Washrooms in a plane

Most people have some familiarity with the following situation: you’re in the plane, already crammed into your seat and you need to go to the washroom. But, at least in the planes I’ve been, the washroom seems to be occupied all the time. So you go, stay in line, get in, and when you get out the line is still there – other people waiting to take your place.

What is the actual probability to have the washroom occupied during your flight? This should be relatively easy to answer. Suppose we have N people in a plane with Nw washrooms. We want to know P(all washrooms are occupied) and we will denote it with P:

P = \prod_{k = 1}^{Nw} P(\text{washroom } k \text{ is occupied}) \quad (1)

We can safely multiply in the previous relation since the probability that a washroom is occupied is independent of other washrooms being occupied or not.

To calculate the probability that a washroom is occupied we need to know in average how many times a man uses the washroom and for how long.

We can infer the first value by knowing the normal volume of urination and the volume of the human bladder. Let’s call this Np and based on the previous links it can be anywhere from 3 to 6.

For the second parameter I couldn’t find any … informative links so let’s just call this tw and give it a reasonable value of 3 minutes.

The probability that a man will be in the washroom is:

P_{hp} = \frac{Np \cdot tw}{60 \cdot 24} = \frac{Np \cdot tw}{1440} \approx 0.0083 \quad (2)
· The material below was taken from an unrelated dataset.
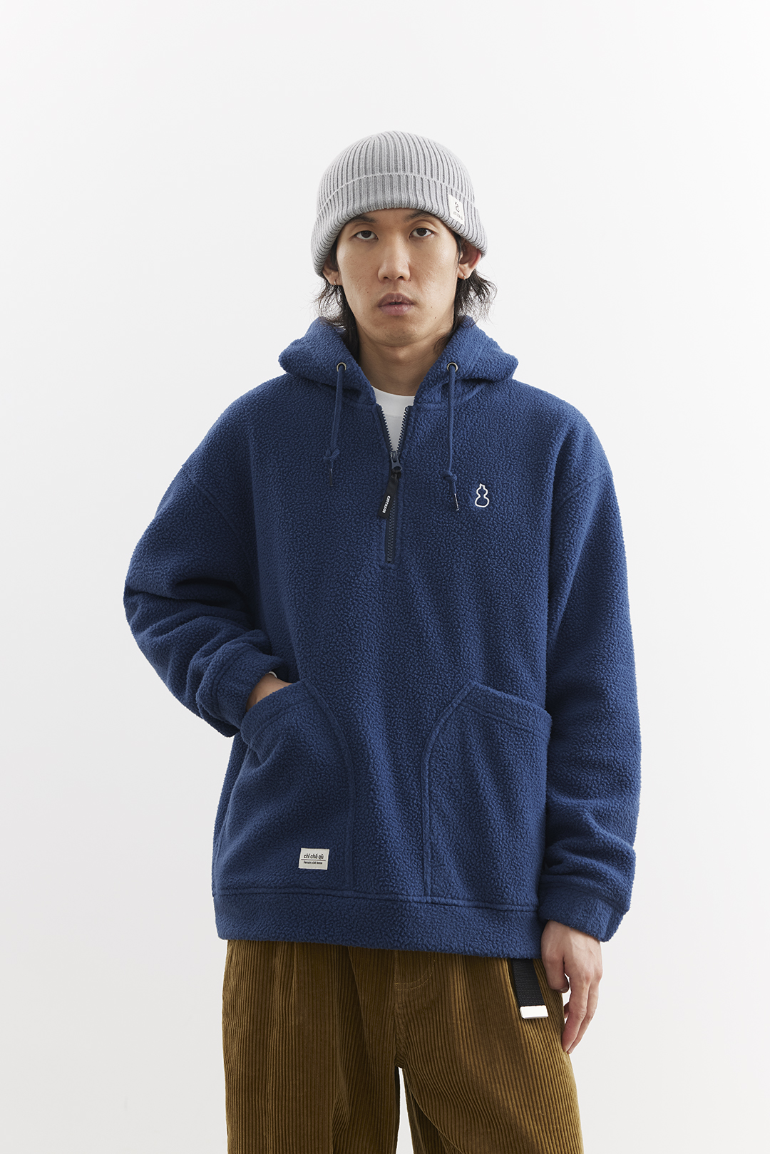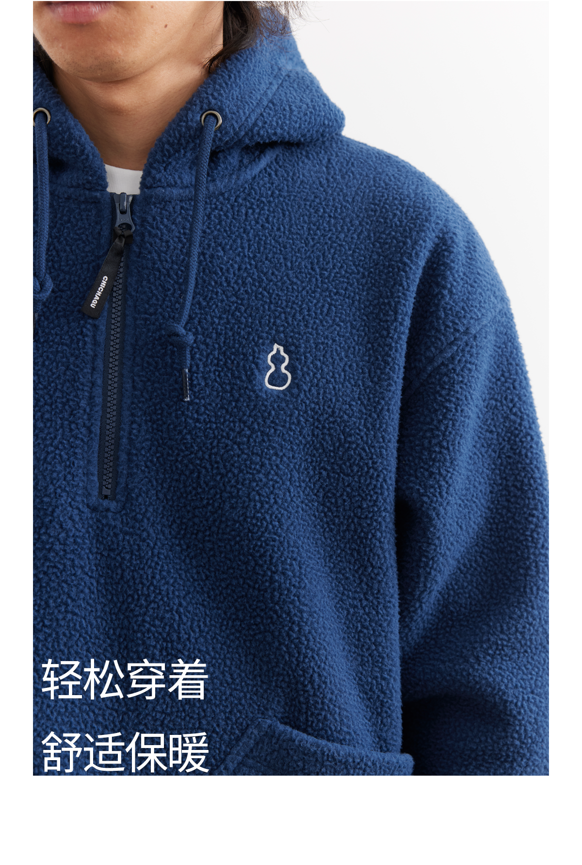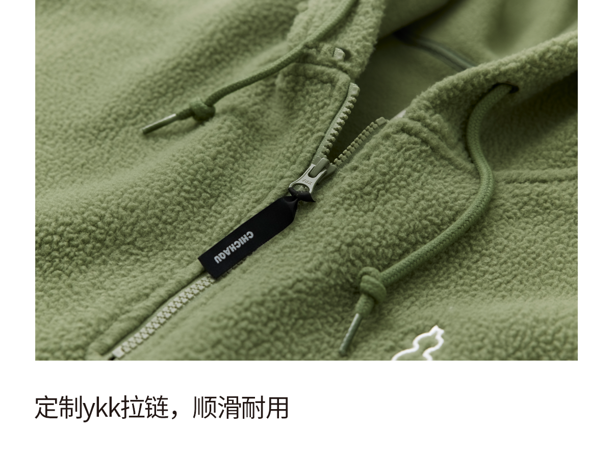吃茶去chichaqu25秋冬摇粒绒抓绒套头衫加厚保暖宽松拉链带帽卫衣

Of course you can try your own calculations using your preferred values for Np and tw. Also I had friends arguing that my whole argument is not valid since they know people who stay more or less than my assumed values. Of course I’m aiming here for an “average” probability, and if you want to know exactly the value for your particular flight/home/work place, you can experimentally find the above probability per person and plug it in the equations below.

If we have N people in the same place and one washroom, the probability that the washroom is occupied will be:

P(\text{washroom is occupied}) = 1 - P(\text{nobody is in the washroom})
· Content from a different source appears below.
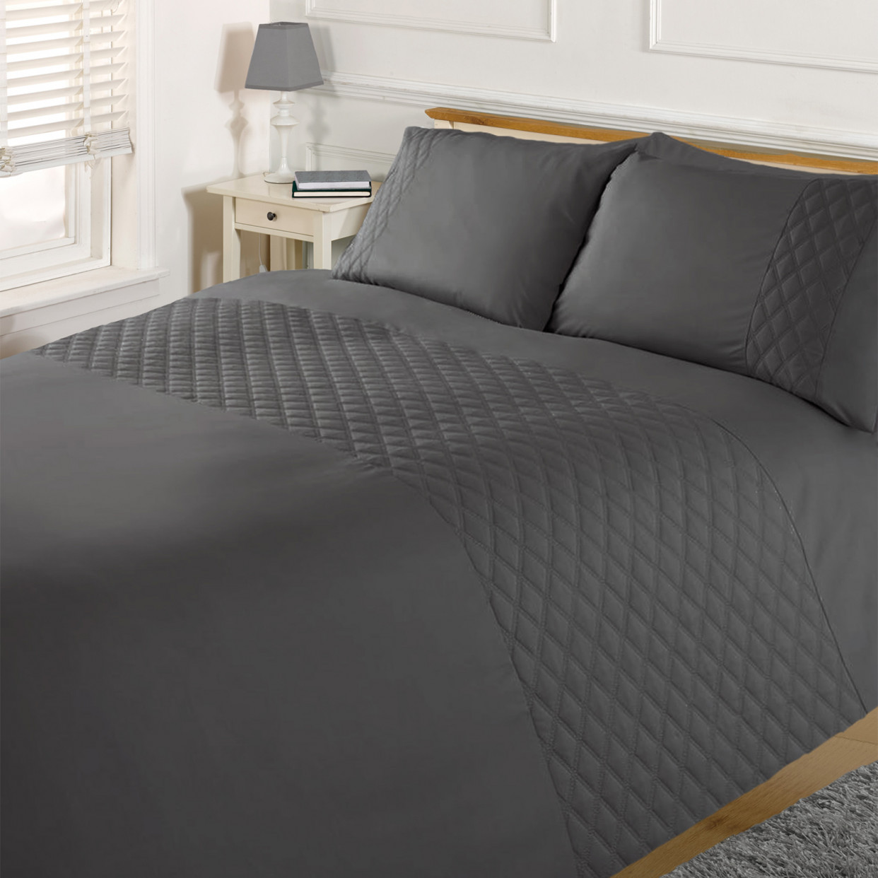 OHS Pinsonic Diamond Duvet Cover Set, Charcoal Grey - Double

P(\text{washroom is occupied}) = 1 - (1 - P_{hp})^N

since P(nobody is in the washroom) equals P(person 1 is not in the washroom) and P(person 2 is not in the washroom) and … and P(person N is not in the washroom) which are independent events and thus can be multiplied together.

Going back to equation (1) we can write now:

P = \prod_{k = 1}^{Nw} [1 - (1 - P_{hp})^{(N - k + 1)}]

And to finish with a mental image here is a plot of the P(all washrooms are occupied) for different values of N and Nw. Considering that a reasonable plane capacity is around or above N = 200 you can see for yourself that there’s a good reason the washroom is almost always occupied.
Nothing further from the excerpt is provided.